- What is required
No pictures belong in the copy. Retype exactly, and only, the stretch of lines below from the one with "ベビーミッキー&ドナルドのパーティ柄 約 7㎝" through the one with "Chị Xuyến ước".

- Material supplied
◇ ◇ ◇ ◇
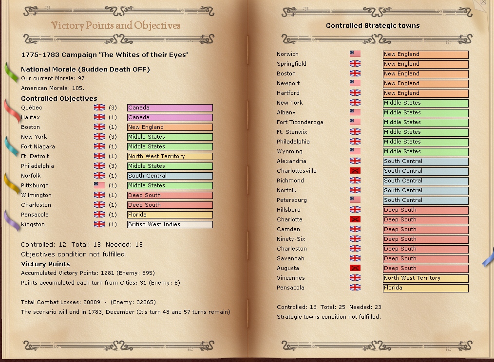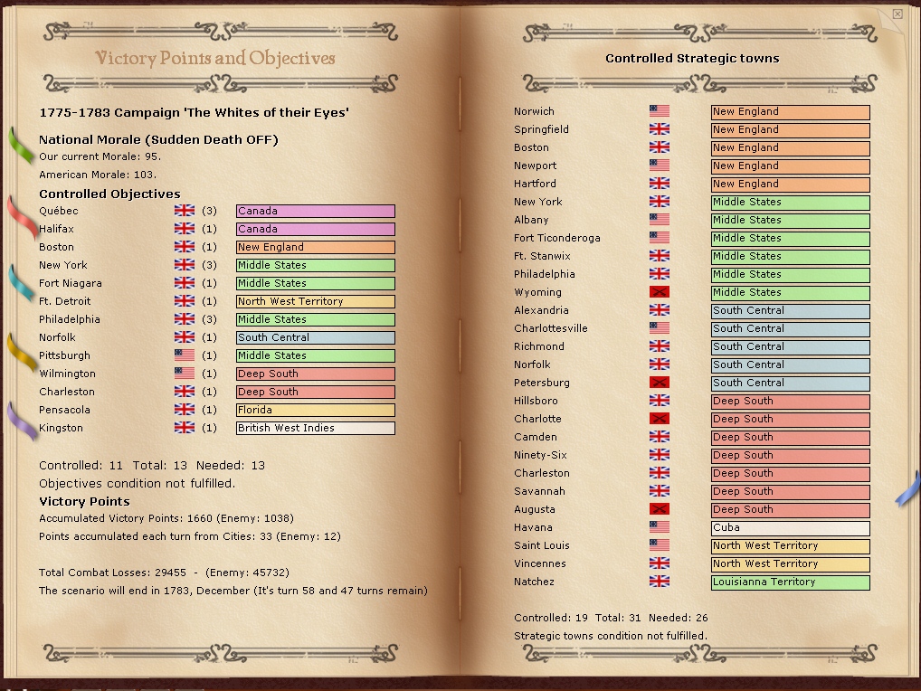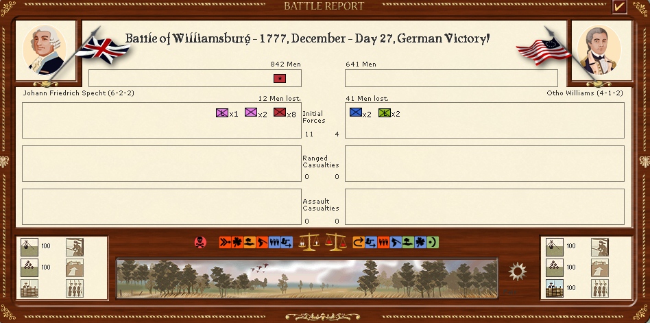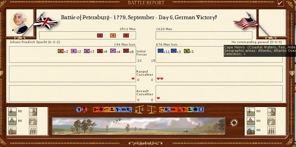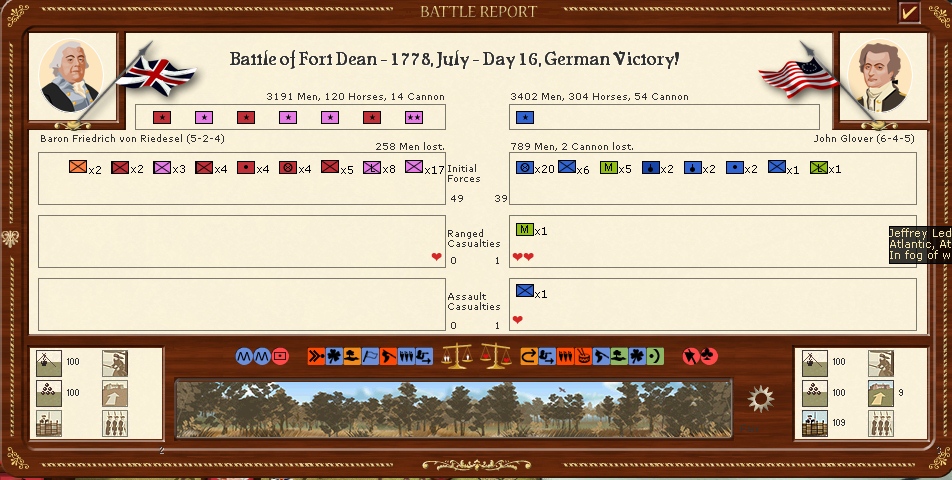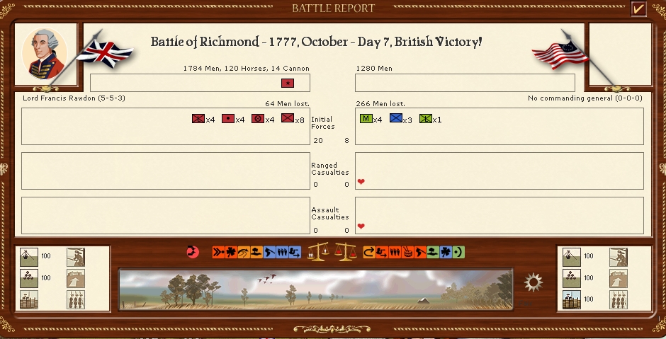The armies in New England are resting for the moment in the hope that i can resume operations soon however a lot of the battalions are well below strengh.
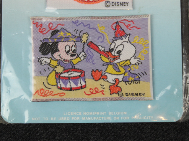 ベビーミッキー&ドナルドのパーティ柄 約 7㎝ x 5㎝(両端を折られた状態のワッペンのサイズです)
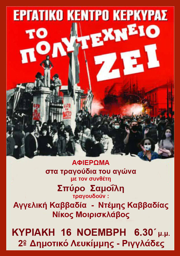 Μουσικό αφιέρωμα "Το Πολυτεχνείο Ζει" με τον συνθέτη Σπύρο Σαμοϊλη την Κυριακή 16 Νοεμβρίου στις...
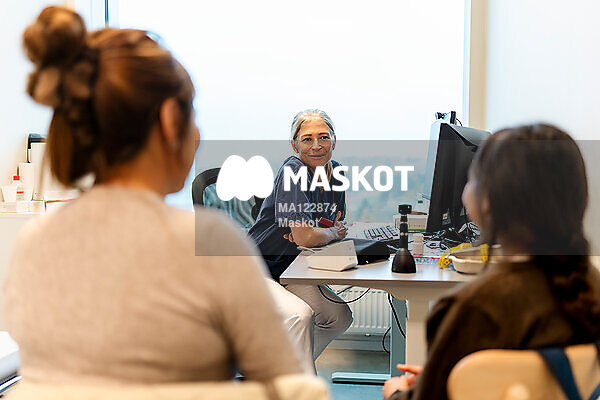 Äldre kvinnlig läkare pratar med patienter
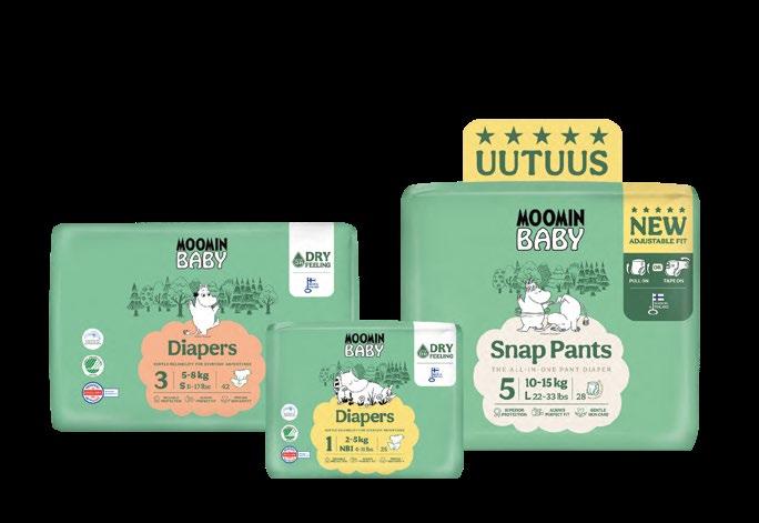 – Moomin Baby -vaipoissa selluloosa on peräisin FSC-sertifioiduista metsistä ja valkaistu täysin kloorittomasti hapella. Raaka-aineiden valinnassa tarkastelemme sekä turvallisuutta että sitä, miten materiaalit toimivat yhdessä vaipan rakenteessa.
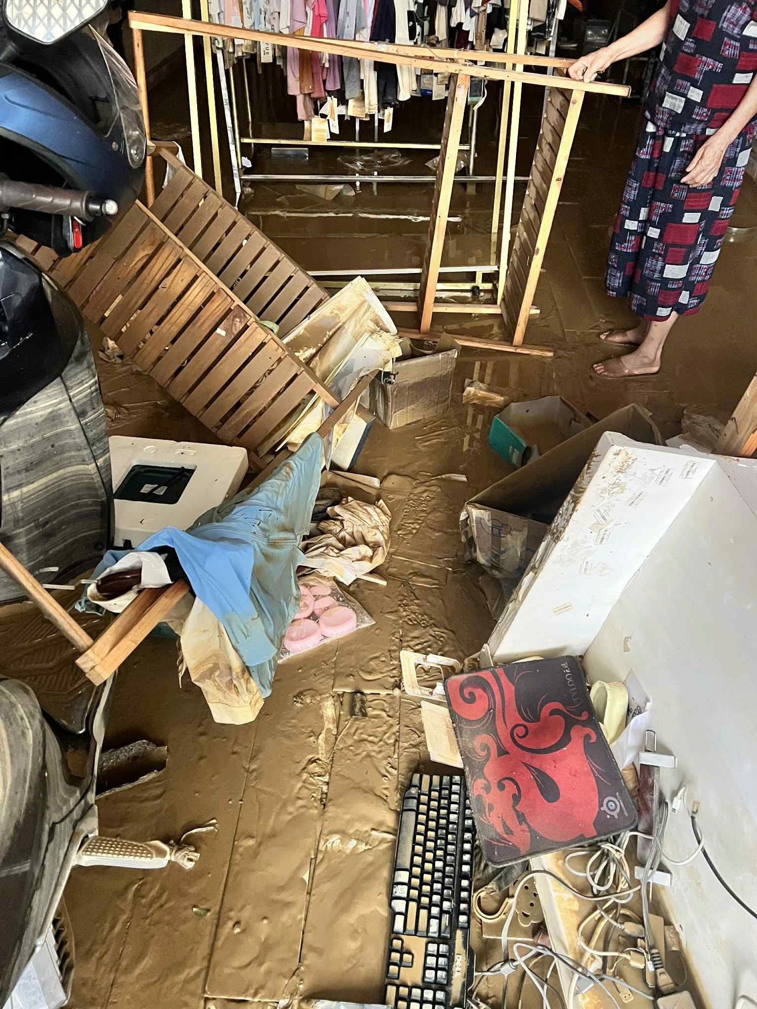 Chị Xuyến ước tính tổng thiệt hại khoảng 400 triệu đồng, trong đó riêng hệ thống tủ lạnh chiếm hơn 200 triệu, phần còn lại là hàng hóa, bao bì, giấy tờ.
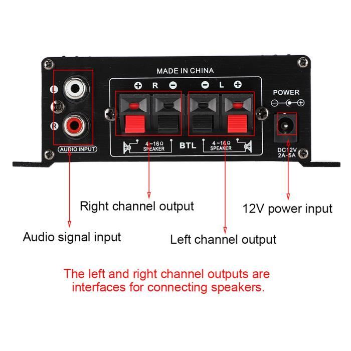 Ampli Pour Enceintes DIY Amplificateur De Puissance Bluetooth 20W + 20W, 2 Canaux Haut Parleur Numerique Stereo Lecteur Audio Dc8 24v 92220700 Récepteur Audio Sans Fil Bluetooth 5.0 HIFI-Amplificateur, Mini récepteur amplificateur audio stéréo Bluetooth... Bt-298a Mini Amplificateur De Puissance Audio 2ch 300w + 300w Pour L'amplificateur de puissance prend en l'entrée disque U, l'entrée AUX et l'entrée carte son. Douk Audio HiFi Bluetooth 5.0 Amplificateur de puissance numérique... Petite taille, facile à transporter et à ranger, pratique à utiliser et avec de bonnes performances. 15 mètres / 49,2 pieds (non obstrué)Nombre de canaux : doubles canaux gauche et droit (stéréo)Haut-parleurs adaptés : 10 W-200 W 4Ω 8Ω 16ΩMécanisme de protection : protection de connexion inversée de puissance, court-circuit protection contre la surchauffe, auto-récupérationTaille : env. Super compatibilité, peut être largement utilisé dans diverses tablettes, téléviseurs, téléphones intelligents, ordinateurs portables avec fonction Bluetooth, etc. Spécification :Type d'élément : Amplificateur de puissance BluetoothMatériau : AluminiumCouleur : BleuModèle : XY-KA15HTension d'alimentation : DC8-24V (le (plus la tension est élevée, plus la puissance de sortie est élevée)Puissance de sortie : 20 WCanal : 2 canauxVersion Bluetooth : 5., 0Fonction Cool : prend en le contrôle Sinilink-APP Mode d'entrée : Bluetooth + AUX + U Disk + carte son USBRéglage du volume : réglage du volume de l'encodeur, toucher fluide, interrupteur à une toucheDistance de transmission : env.
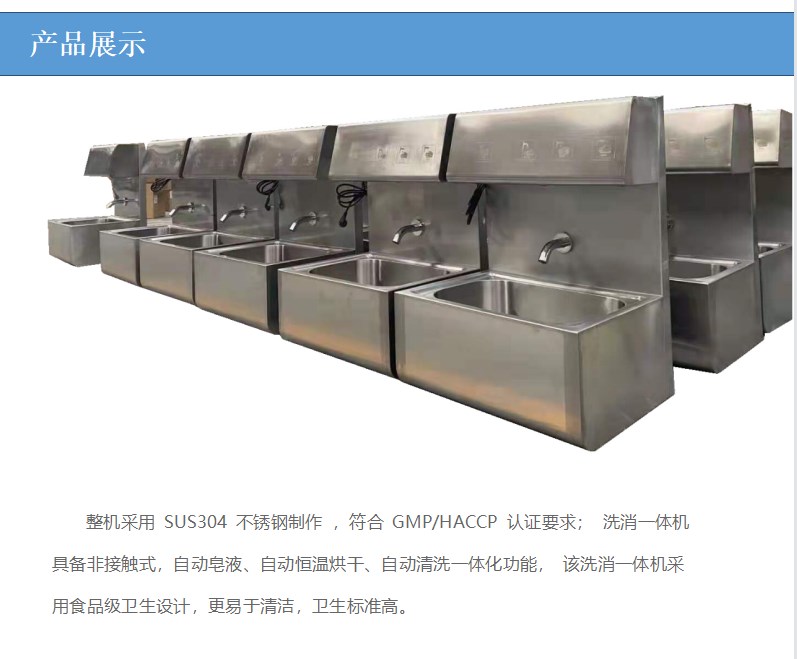 洗消一体机壁挂式 食品厂用感应水龙头皂液消毒烘干 双水槽设计
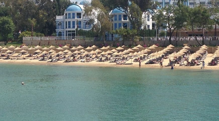 Собствен, пясъчен с дължина 120 м., притежаващ сертификат "Син флаг", платформа. Чадъри, шезлонги, матраци и плажни кърпи на плажа и при басейна - безплатно.
◇ ◇ ◇ ◇
- Completed task
 ベビーミッキー&ドナルドのパーティ柄 約 7㎝ x 5㎝(両端を折られた状態のワッペンのサイズです)
 Μουσικό αφιέρωμα "Το Πολυτεχνείο Ζει" με τον συνθέτη Σπύρο Σαμοϊλη την Κυριακή 16 Νοεμβρίου στις...
 Äldre kvinnlig läkare pratar med patienter
 – Moomin Baby -vaipoissa selluloosa on peräisin FSC-sertifioiduista metsistä ja valkaistu täysin kloorittomasti hapella. Raaka-aineiden valinnassa tarkastelemme sekä turvallisuutta että sitä, miten materiaalit toimivat yhdessä vaipan rakenteessa.
 Chị Xuyến ước tính tổng thiệt hại khoảng 400 triệu đồng, trong đó riêng hệ thống tủ lạnh chiếm hơn 200 triệu, phần còn lại là hàng hóa, bao bì, giấy tờ.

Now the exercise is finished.